> **RECORDS TO PROCESS**:
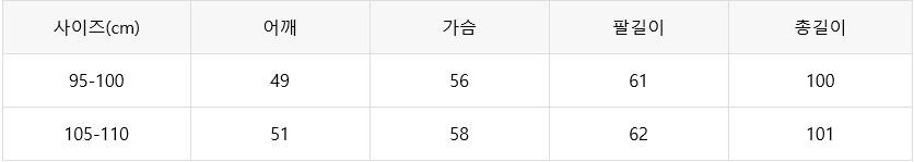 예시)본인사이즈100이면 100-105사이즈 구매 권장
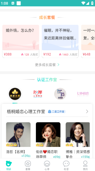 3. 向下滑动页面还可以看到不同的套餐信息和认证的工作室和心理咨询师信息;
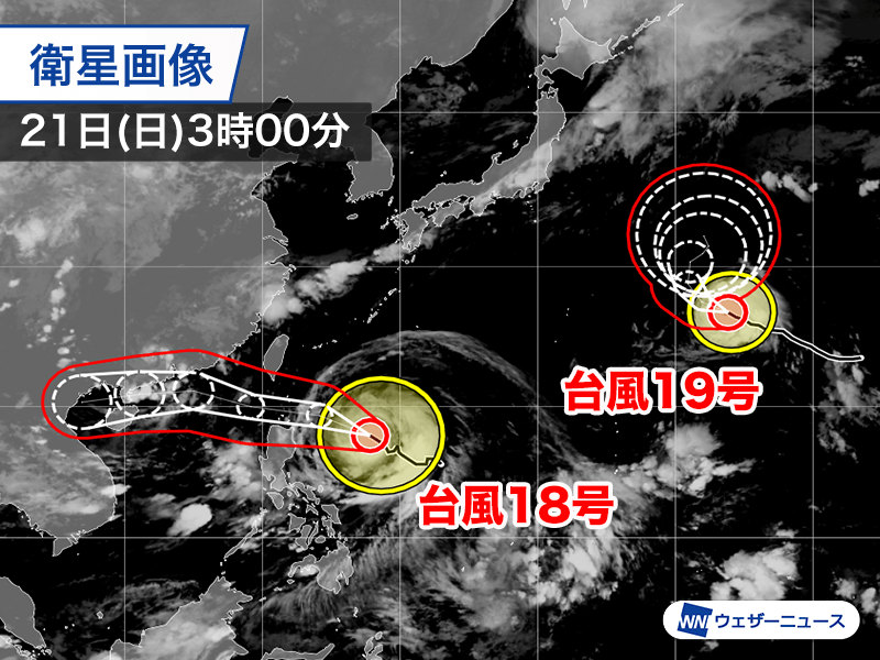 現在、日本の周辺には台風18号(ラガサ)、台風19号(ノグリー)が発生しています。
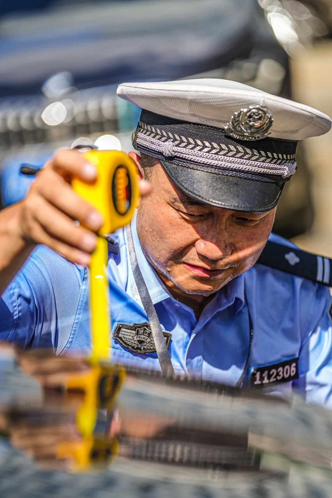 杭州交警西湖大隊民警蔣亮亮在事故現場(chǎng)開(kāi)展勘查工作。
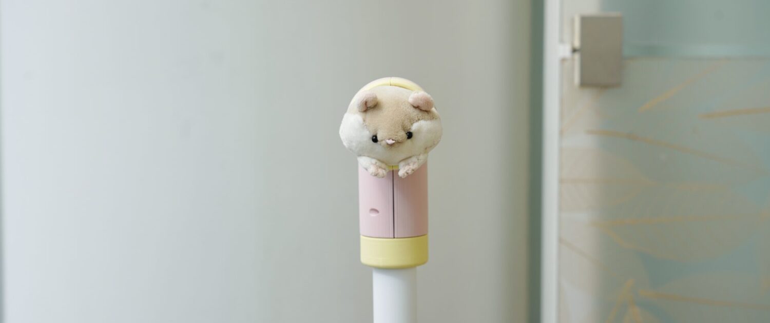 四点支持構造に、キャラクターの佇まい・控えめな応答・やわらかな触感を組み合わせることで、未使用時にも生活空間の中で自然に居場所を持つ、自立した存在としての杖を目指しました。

...

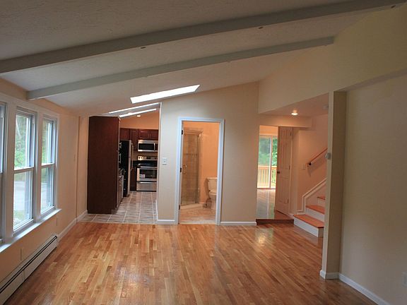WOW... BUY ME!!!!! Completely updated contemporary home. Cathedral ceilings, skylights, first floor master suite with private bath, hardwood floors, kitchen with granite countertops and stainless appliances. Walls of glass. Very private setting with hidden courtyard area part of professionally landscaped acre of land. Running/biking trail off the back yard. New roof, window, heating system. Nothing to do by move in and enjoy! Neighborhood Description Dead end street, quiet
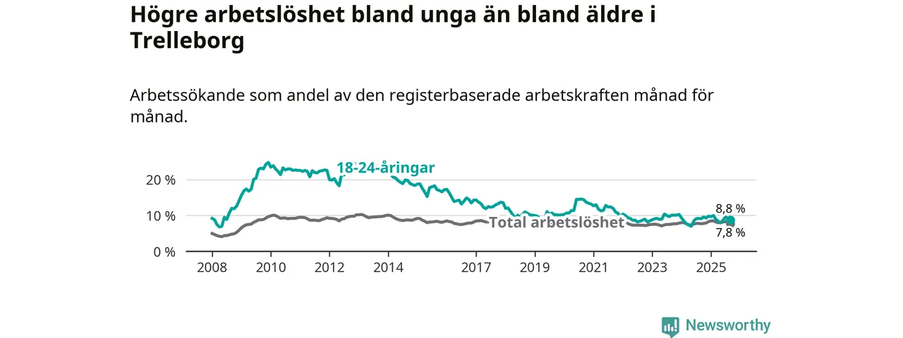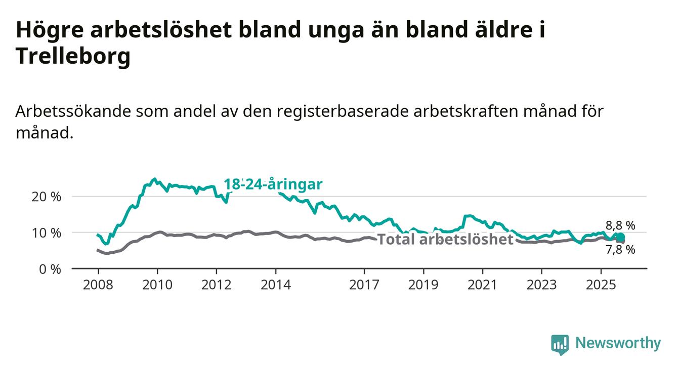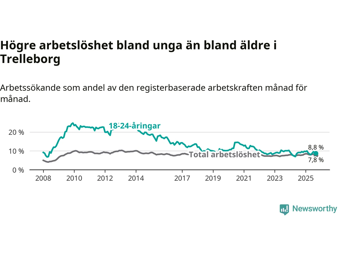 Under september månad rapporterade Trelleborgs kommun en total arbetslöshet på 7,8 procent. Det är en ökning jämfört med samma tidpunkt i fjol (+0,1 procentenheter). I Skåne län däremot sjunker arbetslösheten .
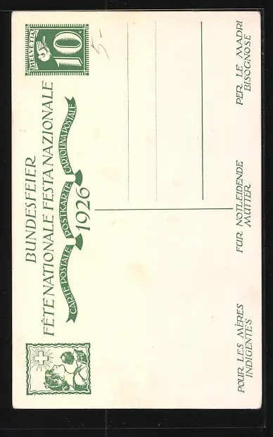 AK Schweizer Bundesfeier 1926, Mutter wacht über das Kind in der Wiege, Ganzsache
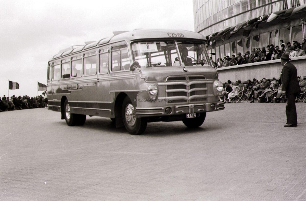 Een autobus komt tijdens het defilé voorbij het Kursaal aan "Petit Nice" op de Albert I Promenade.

> **PROBLEM DETAILS**:
Beginning with the line holding "杭州交警西湖大隊民警蔣亮亮在事故現場(chǎng)開(kāi)展勘查工作。" in the material above, restate word for word each line through the line holding "四点支持構造に、キャラクター", and exclude pictures.

> **WRITTEN REPLY**:
 杭州交警西湖大隊民警蔣亮亮在事故現場(chǎng)開(kāi)展勘查工作。
 四点支持構造に、キャラクターの佇まい・控えめな応答・やわらかな触感を組み合わせることで、未使用時にも生活空間の中で自然に居場所を持つ、自立した存在としての杖を目指しました。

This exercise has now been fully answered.